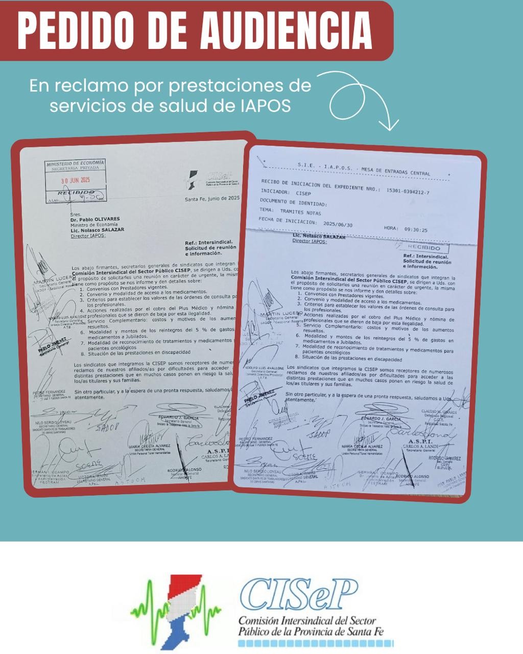 La Asociación del Magisterio de Santa Fe (AMSAFE), en conjunto con los gremios que conforman la Comisión Intersindical del Sector Público (CISEP), presentó hoy un enérgico reclamo formal ante las autoridades provinciales. El pedido, dirigido al Ministro de Economía, Dr. Pablo Olivares, y al Director de IAPOS, Lic. Nolasco Salazar, busca una reunión urgente para abordar la grave situación que atraviesan los afiliados a la obra social provincial.
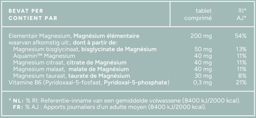 Microkrystallijne cellulose (vulmiddel), Magnesium bisglycinaat, Magnesium tauraat, Magnesium malaat, Magnesium citraat, Aquamin® TG Magnesium, vegetarisch magnesiumstearaat (anti-klontermiddel), isomalt (bindmiddel), silica (anti-klontermiddel), tapioca dextrine (bindmiddel), coating (HPC, HPMC), Pyridoxaal 5 fosfaat (Vitamine B6).
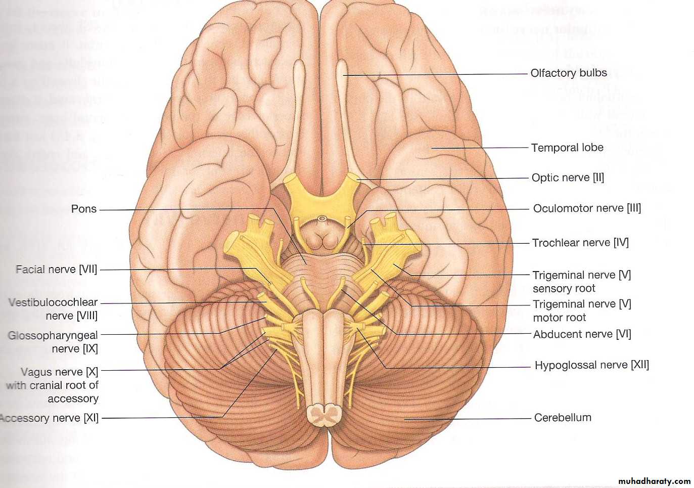 • 12- Hypoglossal nerve emerges from the medulla oblongata

§

About this exercise: Word for word, give the data above again, without any images.

Task output:
 La Asociación del Magisterio de Santa Fe (AMSAFE), en conjunto con los gremios que conforman la Comisión Intersindical del Sector Público (CISEP), presentó hoy un enérgico reclamo formal ante las autoridades provinciales. El pedido, dirigido al Ministro de Economía, Dr. Pablo Olivares, y al Director de IAPOS, Lic. Nolasco Salazar, busca una reunión urgente para abordar la grave situación que atraviesan los afiliados a la obra social provincial.
 Microkrystallijne cellulose (vulmiddel), Magnesium bisglycinaat, Magnesium tauraat, Magnesium malaat, Magnesium citraat, Aquamin® TG Magnesium, vegetarisch magnesiumstearaat (anti-klontermiddel), isomalt (bindmiddel), silica (anti-klontermiddel), tapioca dextrine (bindmiddel), coating (HPC, HPMC), Pyridoxaal 5 fosfaat (Vitamine B6).
 • 12- Hypoglossal nerve emerges from the medulla oblongata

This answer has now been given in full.